Stored dataset items:
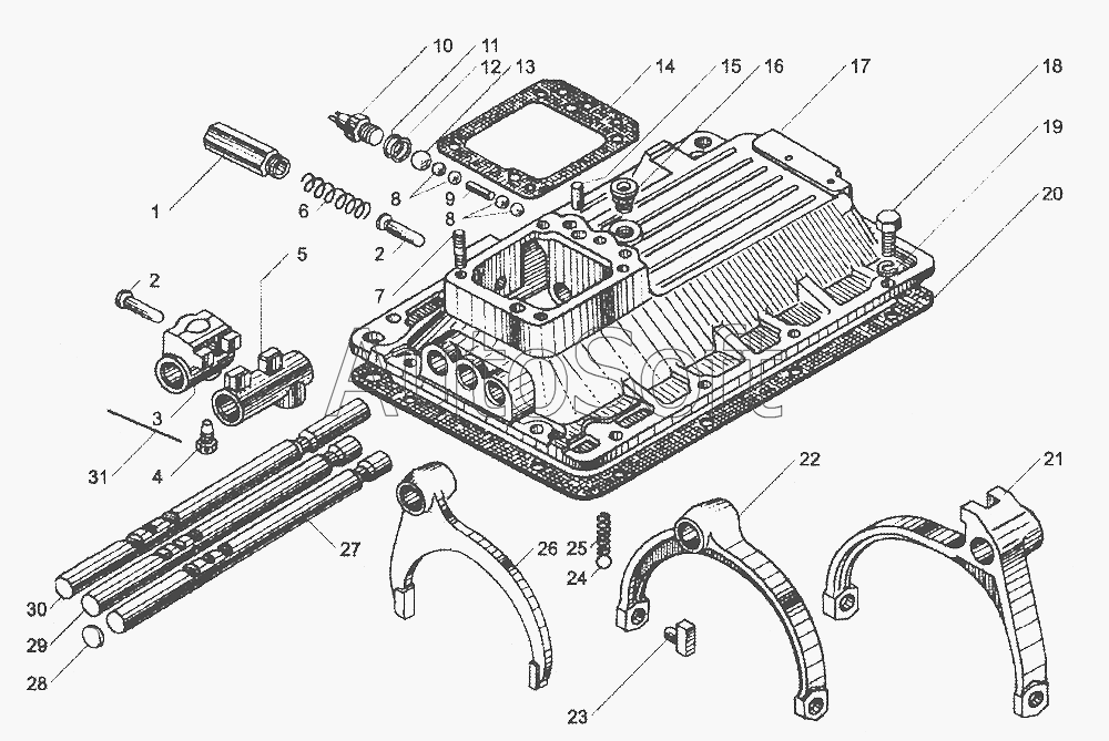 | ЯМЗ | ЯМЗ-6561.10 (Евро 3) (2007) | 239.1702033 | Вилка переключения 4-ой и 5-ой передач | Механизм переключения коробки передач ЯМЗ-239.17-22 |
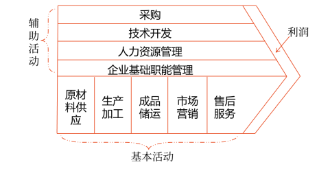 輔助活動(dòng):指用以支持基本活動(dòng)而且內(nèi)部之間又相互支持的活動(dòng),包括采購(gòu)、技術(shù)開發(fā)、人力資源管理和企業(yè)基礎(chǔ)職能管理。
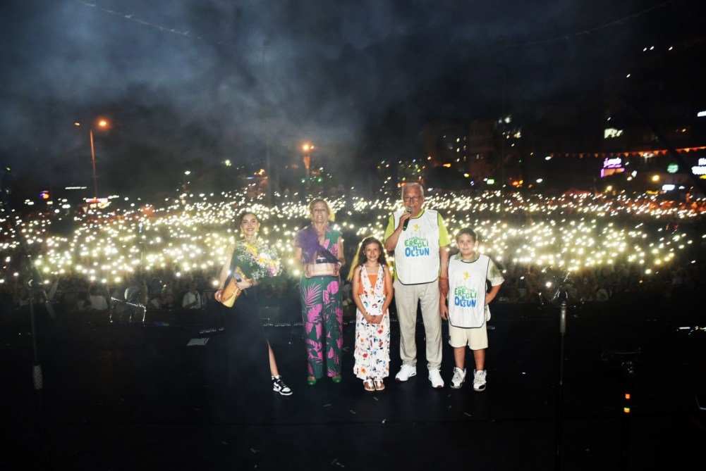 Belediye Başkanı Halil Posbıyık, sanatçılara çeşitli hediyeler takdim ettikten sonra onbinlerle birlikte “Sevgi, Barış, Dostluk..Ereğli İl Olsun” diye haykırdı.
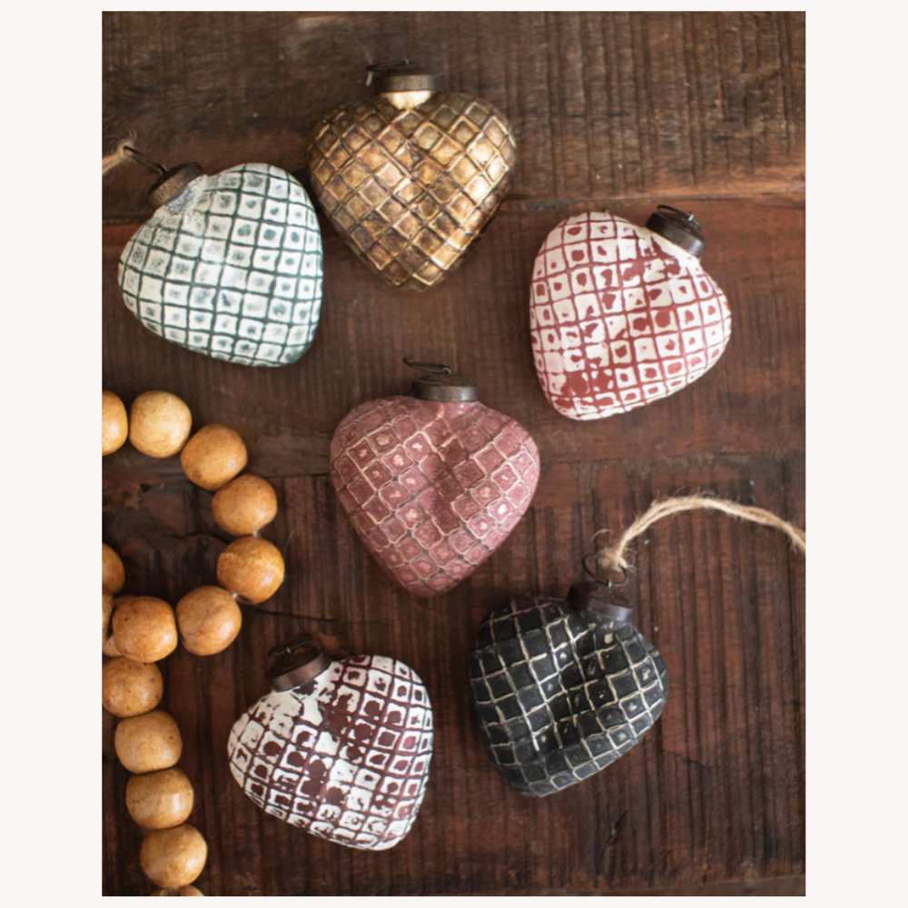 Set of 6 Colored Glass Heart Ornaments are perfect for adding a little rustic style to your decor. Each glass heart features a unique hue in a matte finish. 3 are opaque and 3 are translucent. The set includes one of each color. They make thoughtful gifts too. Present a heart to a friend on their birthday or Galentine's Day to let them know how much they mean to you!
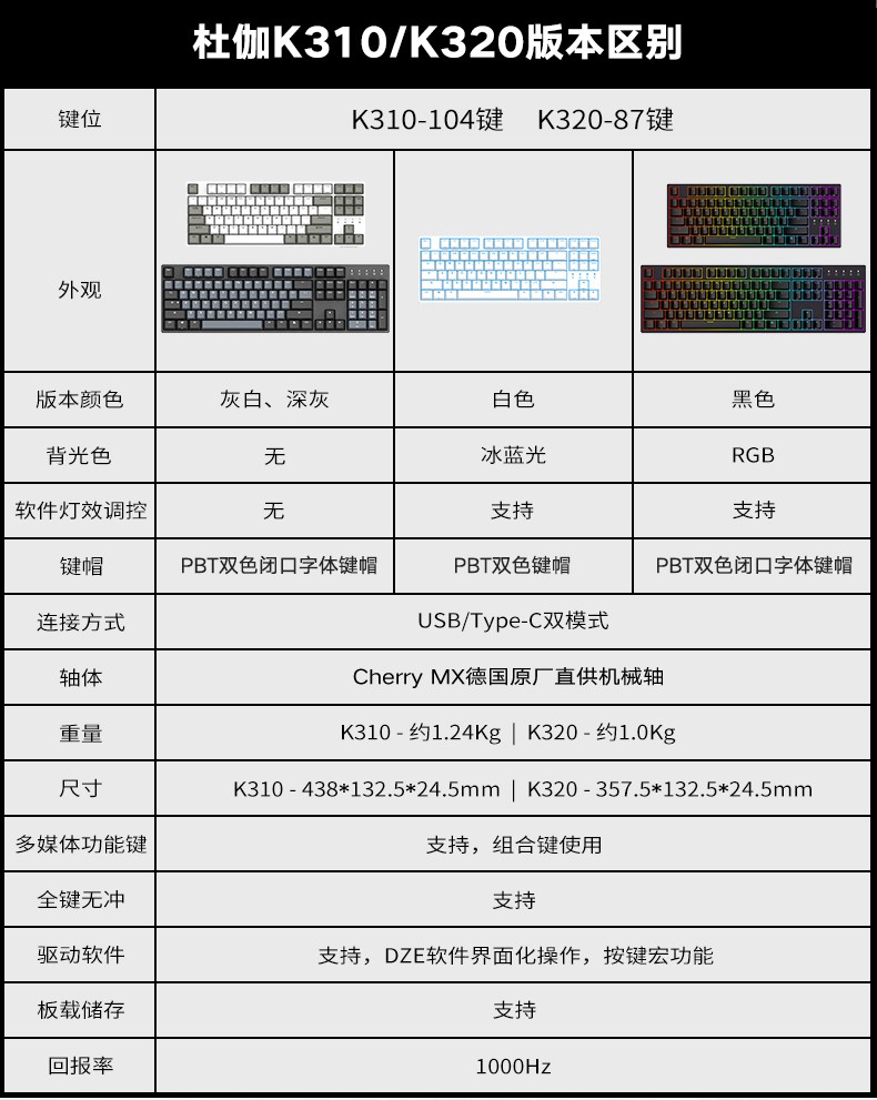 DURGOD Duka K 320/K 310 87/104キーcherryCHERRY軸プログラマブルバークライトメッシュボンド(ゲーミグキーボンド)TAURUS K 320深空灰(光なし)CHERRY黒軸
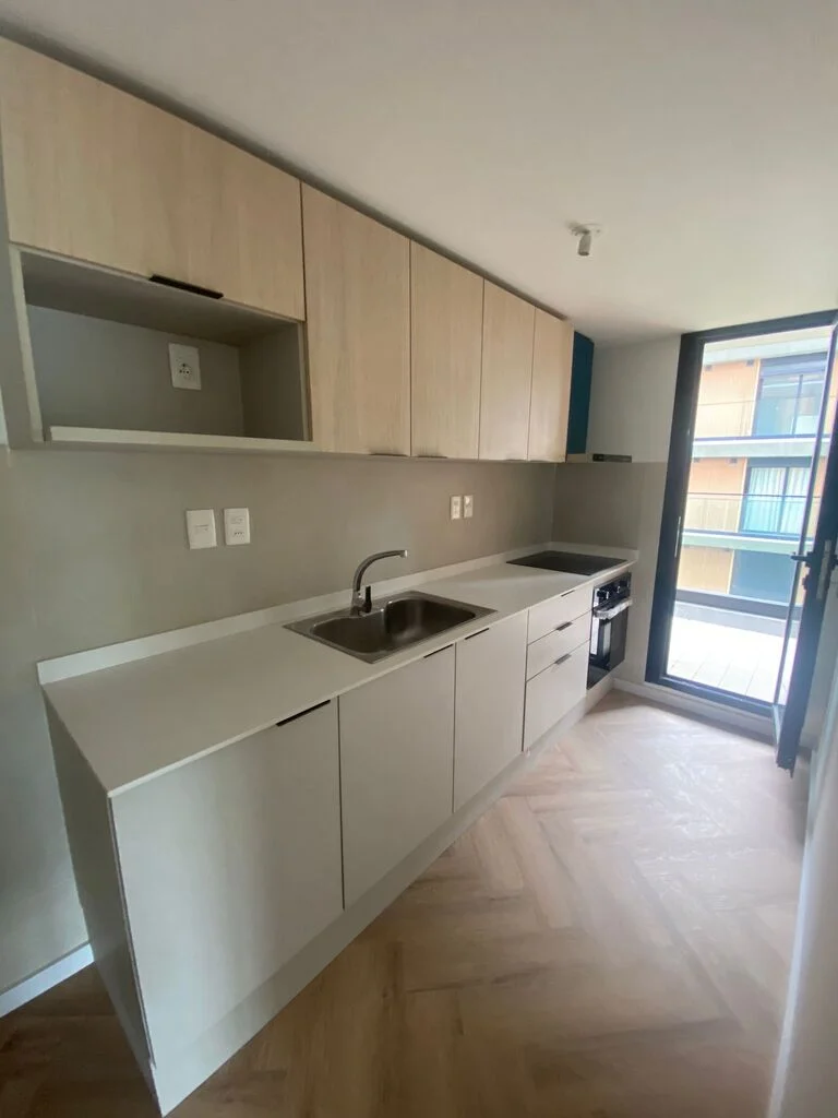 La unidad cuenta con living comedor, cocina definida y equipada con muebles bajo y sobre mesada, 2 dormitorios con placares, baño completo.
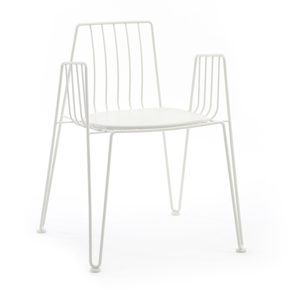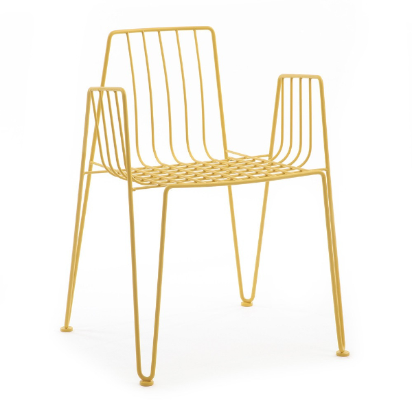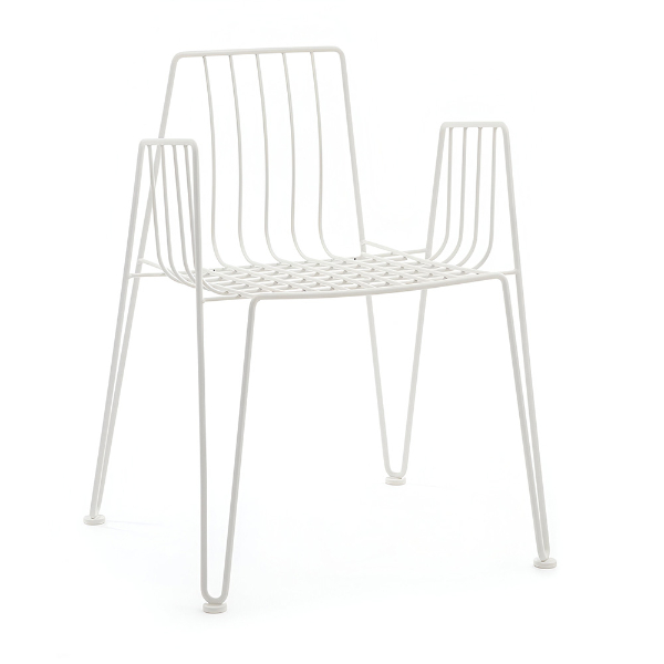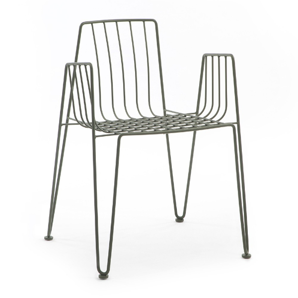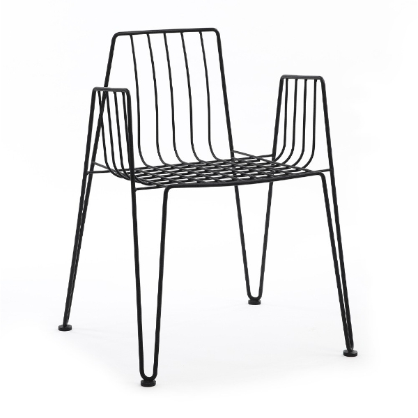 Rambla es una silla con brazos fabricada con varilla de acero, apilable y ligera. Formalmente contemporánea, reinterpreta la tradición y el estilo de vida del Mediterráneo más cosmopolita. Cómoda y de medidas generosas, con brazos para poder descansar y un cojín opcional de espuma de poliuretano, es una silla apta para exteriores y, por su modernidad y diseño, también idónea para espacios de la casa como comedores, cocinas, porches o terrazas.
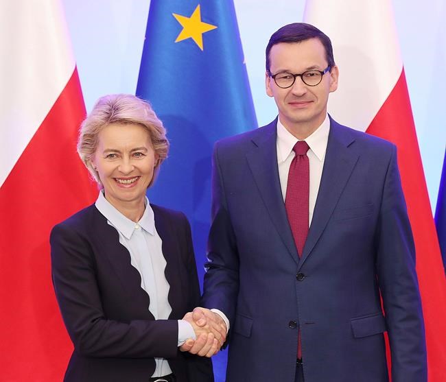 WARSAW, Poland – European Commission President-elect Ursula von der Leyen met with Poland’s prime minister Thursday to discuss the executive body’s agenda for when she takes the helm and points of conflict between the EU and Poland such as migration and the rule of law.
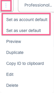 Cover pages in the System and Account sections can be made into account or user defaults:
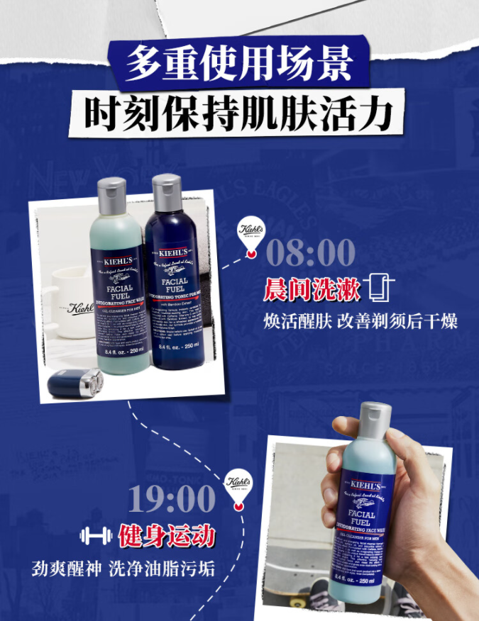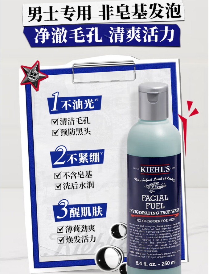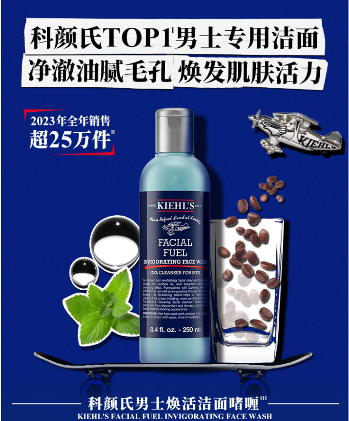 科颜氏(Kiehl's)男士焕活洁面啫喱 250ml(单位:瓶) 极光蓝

What the task asks: Taking the entries above, copy word for word the lines from the one with "DURGOD Duka K" up to and including the one with "Rambla es una", without any picture.

Solution to the exercise:
 DURGOD Duka K 320/K 310 87/104キーcherryCHERRY軸プログラマブルバークライトメッシュボンド(ゲーミグキーボンド)TAURUS K 320深空灰(光なし)CHERRY黒軸
 La unidad cuenta con living comedor, cocina definida y equipada con muebles bajo y sobre mesada, 2 dormitorios con placares, baño completo.
 Rambla es una silla con brazos fabricada con varilla de acero, apilable y ligera. Formalmente contemporánea, reinterpreta la tradición y el estilo de vida del Mediterráneo más cosmopolita. Cómoda y de medidas generosas, con brazos para poder descansar y un cojín opcional de espuma de poliuretano, es una silla apta para exteriores y, por su modernidad y diseño, también idónea para espacios de la casa como comedores, cocinas, porches o terrazas.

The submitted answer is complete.